Independently, using const enum in published packaged definitions can cause subtle bugs because it means the constants will be inlined at compilation time. That means that any updates to the enum won't be picked up when upgrading chalk because the old values will still be inlined.

Here are some comments from TypeScript team members saying that you should never use const enums in published type definitions: DefinitelyTyped/DefinitelyTyped#23002 (comment) , microsoft/TypeScript#20703 (comment) . It's fine to use them internally within a project, but across projects, it's fragile and breaks isolatedModules users.
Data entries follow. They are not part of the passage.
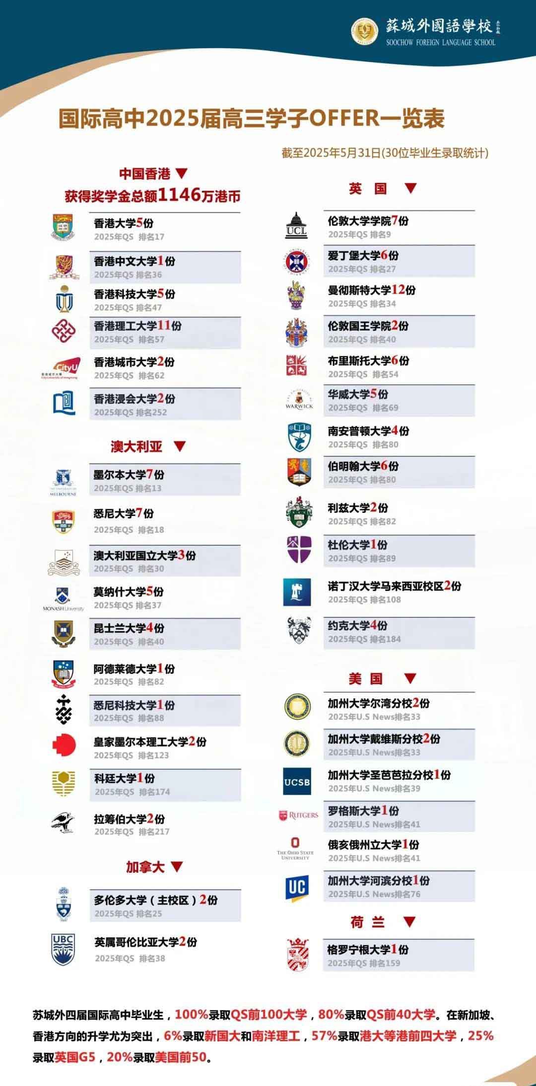 四年來,學校國際高中厚積薄發、穩扎穩打,不斷踐行IB終身學習者的培養使命,秉持“量身定制”的教育教學體系和升學規劃體系,將一批批優秀學子送往全球各地的知名學府——四屆國際高中畢業生100%錄取QS前100大學,80%錄取QS前40大學,25%錄取英國G5,20%錄取美國前50;在新加坡香港方向的升學尤為突出,6%錄取新國大和南洋理工,57%錄取港大等港前四大學,2025年錄取獲得獎學金1146萬港幣。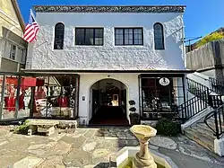 In 1950, Kuster sold the Golden Bough Court, the property that once surrounded the theater's entrance, to Sumral and Ruth Otrich. This slice of land, measuring 47 ft (14 m) by 80 ft (24 m), is situated behind the present-day Cottage of Sweets. Otrich invested $50,000 (equivalent to $653,458 in 2024) to construct three English Tudor-style shops and three apartments on a second floor.[16][17][18] Nearby was the restaurant called Sade's (now Portabella).[17] Today, these buildings are part of the Golden Bough Court, where only the facade of the original Theatre of the Golden Bough remains and opens to an arcade courtyard featuring various shops.[16][17] The theatre's box office also survived, became the Carmel Weavers Studio, and is now The Cottage of Sweets, a candy shop.[13]
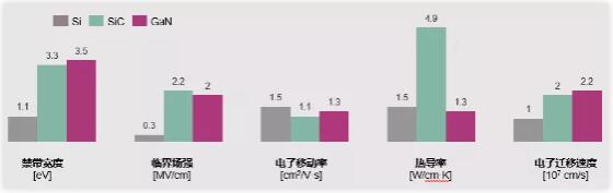 圖1:硅、碳化硅,氮化鎵三種材料關(guān)鍵特性對(duì)比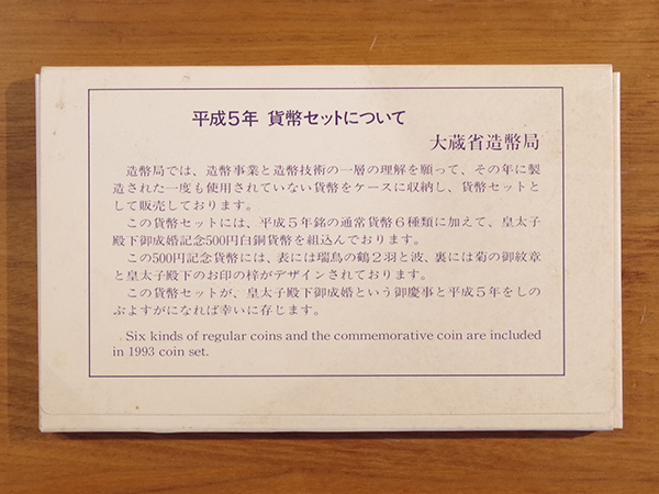 1993年 (平成5年) 記念貨入りミントセット (皇太子殿下ご成婚記念)

My current situation is I have a large TypeScript project and recently added chalk as a dependency and it broke my build because I use isolatedModules. Chalk is great, but I'm not willing to slow down my build just to use it, so I removed isolatedModules and have my build system configured to transpile files individually anyway. This works and keeps the build fast, but is unsettling because it means any use of const enums (including Level) will typecheck but crash at runtime, so I really would like to add isolatedModules back to my TS config. I get that it's annoying to not have access to the const enum feature in exported definitions, but avoiding it is much more ecosystem-friendly.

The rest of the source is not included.